Wherever the line with "Steam broccoli in" sits in the listing below, transcribe from it up to and including the line with "证券之星消息,11月28日,餐饮指数(3", exactly, and leave the remaining lines out.

■ Input material
== Segment start ==

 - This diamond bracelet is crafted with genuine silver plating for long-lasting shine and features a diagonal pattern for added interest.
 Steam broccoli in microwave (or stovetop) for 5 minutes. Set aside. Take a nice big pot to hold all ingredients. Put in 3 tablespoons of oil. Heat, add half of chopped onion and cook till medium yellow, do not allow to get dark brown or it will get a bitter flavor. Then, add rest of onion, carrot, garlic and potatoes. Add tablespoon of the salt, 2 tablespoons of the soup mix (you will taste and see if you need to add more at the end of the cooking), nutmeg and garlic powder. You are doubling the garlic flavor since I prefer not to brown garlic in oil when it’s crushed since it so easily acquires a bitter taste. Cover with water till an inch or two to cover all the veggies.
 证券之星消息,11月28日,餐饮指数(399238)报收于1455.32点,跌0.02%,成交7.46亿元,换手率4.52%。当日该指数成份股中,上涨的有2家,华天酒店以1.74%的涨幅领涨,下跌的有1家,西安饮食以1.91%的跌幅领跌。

== Segment end ==
== Segment start ==

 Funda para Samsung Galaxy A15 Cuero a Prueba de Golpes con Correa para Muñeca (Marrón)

== Segment end ==

■ Solution to this problem
 Steam broccoli in microwave (or stovetop) for 5 minutes. Set aside. Take a nice big pot to hold all ingredients. Put in 3 tablespoons of oil. Heat, add half of chopped onion and cook till medium yellow, do not allow to get dark brown or it will get a bitter flavor. Then, add rest of onion, carrot, garlic and potatoes. Add tablespoon of the salt, 2 tablespoons of the soup mix (you will taste and see if you need to add more at the end of the cooking), nutmeg and garlic powder. You are doubling the garlic flavor since I prefer not to brown garlic in oil when it’s crushed since it so easily acquires a bitter taste. Cover with water till an inch or two to cover all the veggies.
 证券之星消息,11月28日,餐饮指数(399238)报收于1455.32点,跌0.02%,成交7.46亿元,换手率4.52%。当日该指数成份股中,上涨的有2家,华天酒店以1.74%的涨幅领涨,下跌的有1家,西安饮食以1.91%的跌幅领跌。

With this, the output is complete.